The costs of motherhood
Most mothers will agree that we simply do not get enough time for maternity leave when the baby finally arrives. Even with guaranteed maternity leave, many mothers find themselves using whatever vacation days they can and even taking a brief leave of absence from the working world without pay. However, if you have long-term disability insurance, that may be able to benefit you as you can see from this article here. You can argue that your pregnancy should be covered like any other long-term disability, just as it would be in the workplace.
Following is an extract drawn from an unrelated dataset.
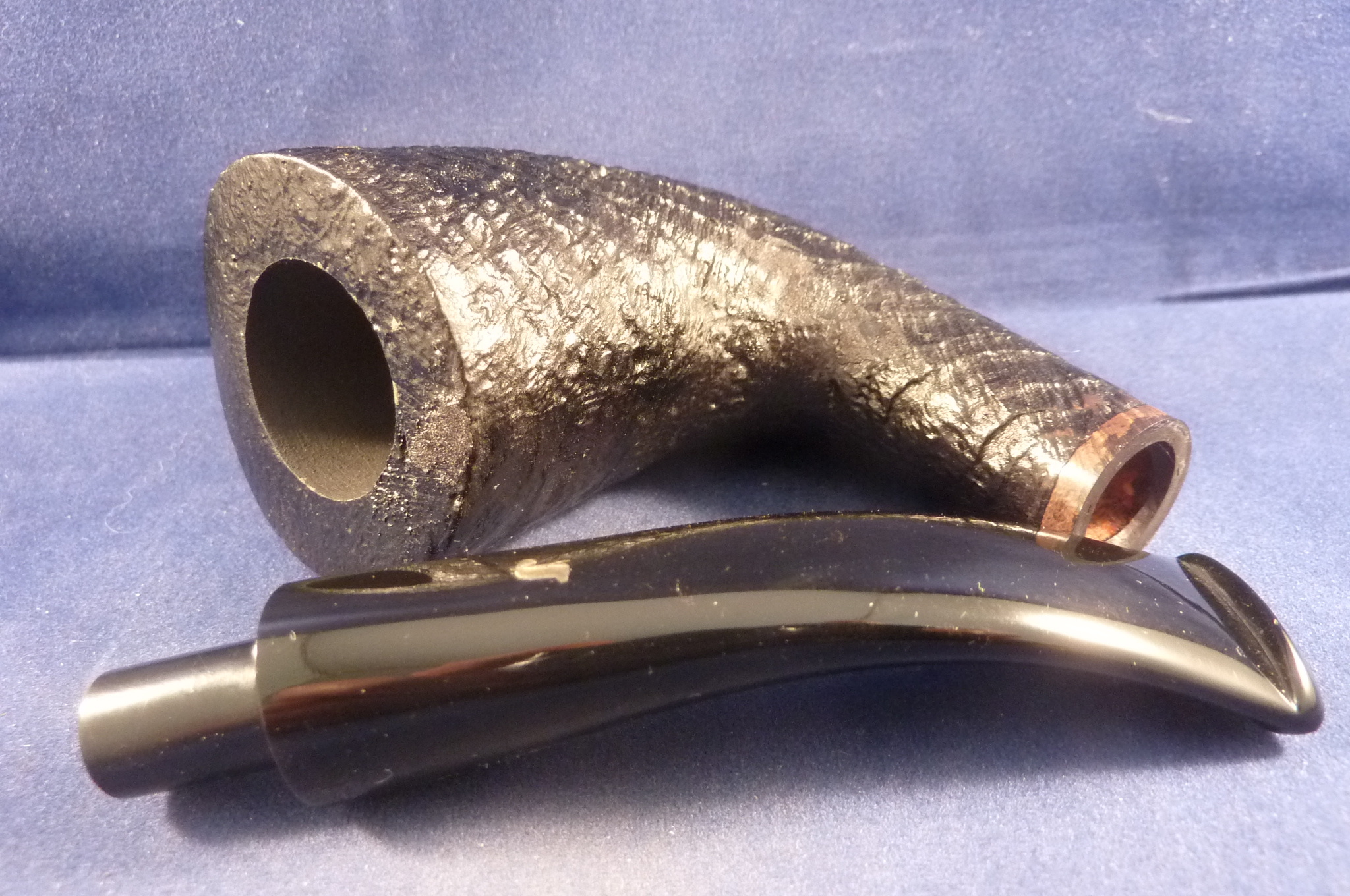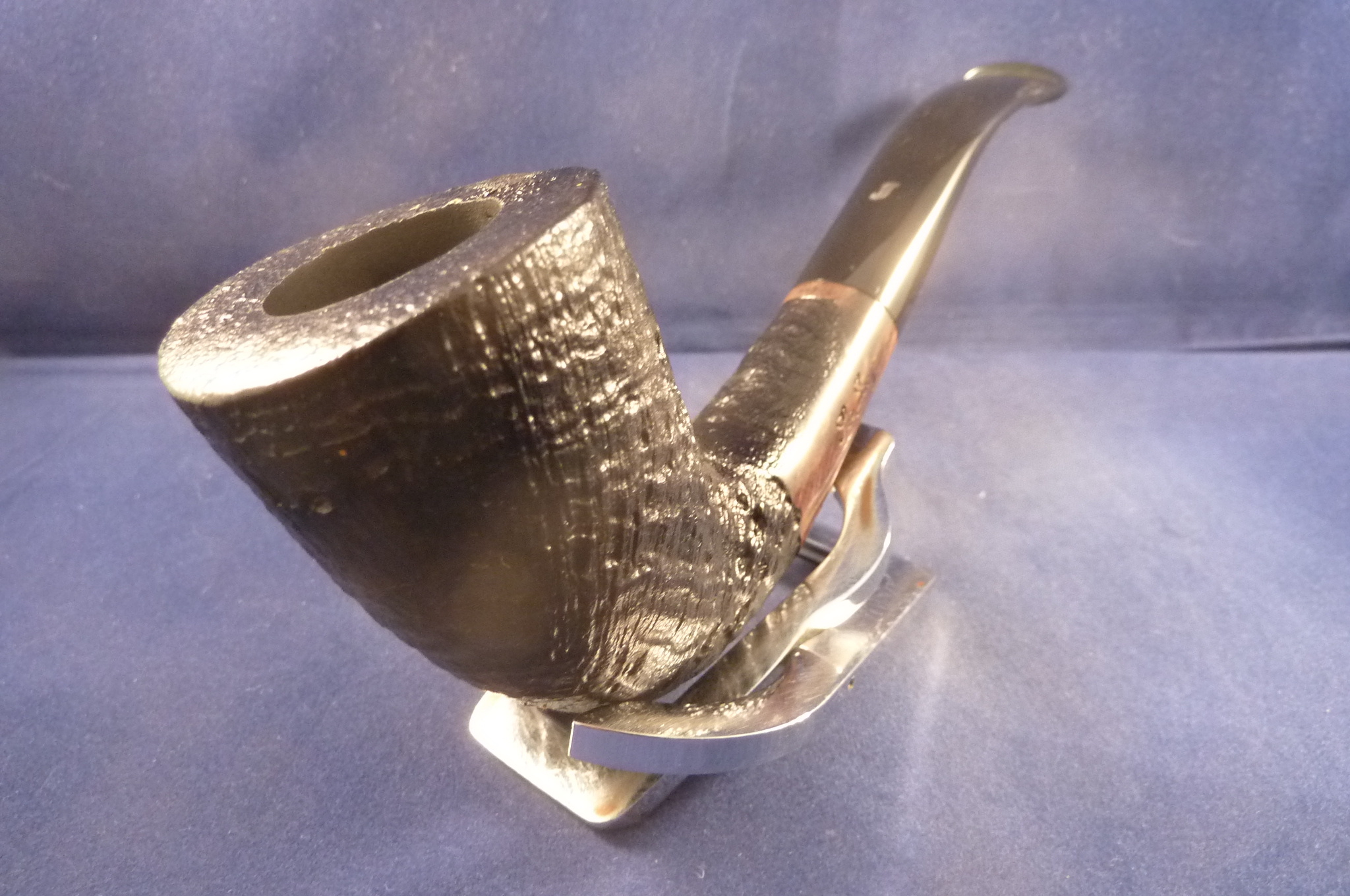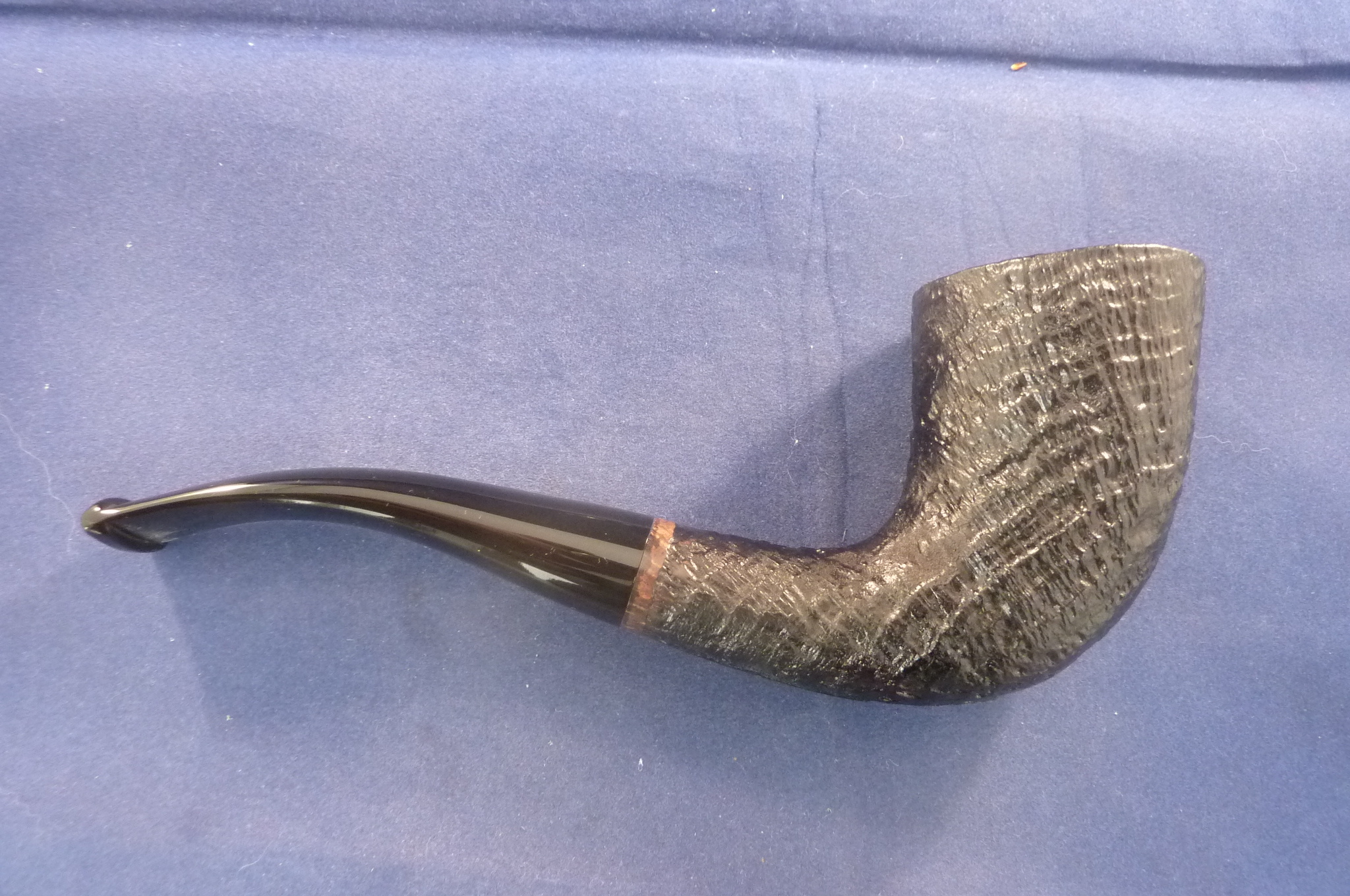 This is a brand new pipe made by Ser Jacopo in Italy. This company has some fine craftsmen, which produce beautiful handmade pipes with great designs and shapes. This sandblasted briar pipe has a beautiful shape. Black acrylic mouthpiece, 9 mm. filter.

If your provider fails to cover you, you can still argue your case with the help of some legal advice to ensure you’re not left covering the costs by yourself.

Preparing your leave and return
While discrimination of expecting mothers is still very much a thing, there are employers who are moving with the times and willing to help you as much as they can. It’s not necessarily your responsibility, but you can make your absence and return a lot smoother for them by preparing a maternity leave plan. This can include things like plotting our all your roles and responsibilities, and what your daily workload looks like so that they can better manage the gap in manpower while you’re away. If you can do that, it proves to your employer that you’re taking the needs of the entire team into account, which can be looked on very favorably.

It’s a huge shame that something as wonderful as a new baby can still be seen as many as a career roadblock. If you end up wanting to scale back your work life to focus on family, that’s your right, but you shouldn’t be forced into it.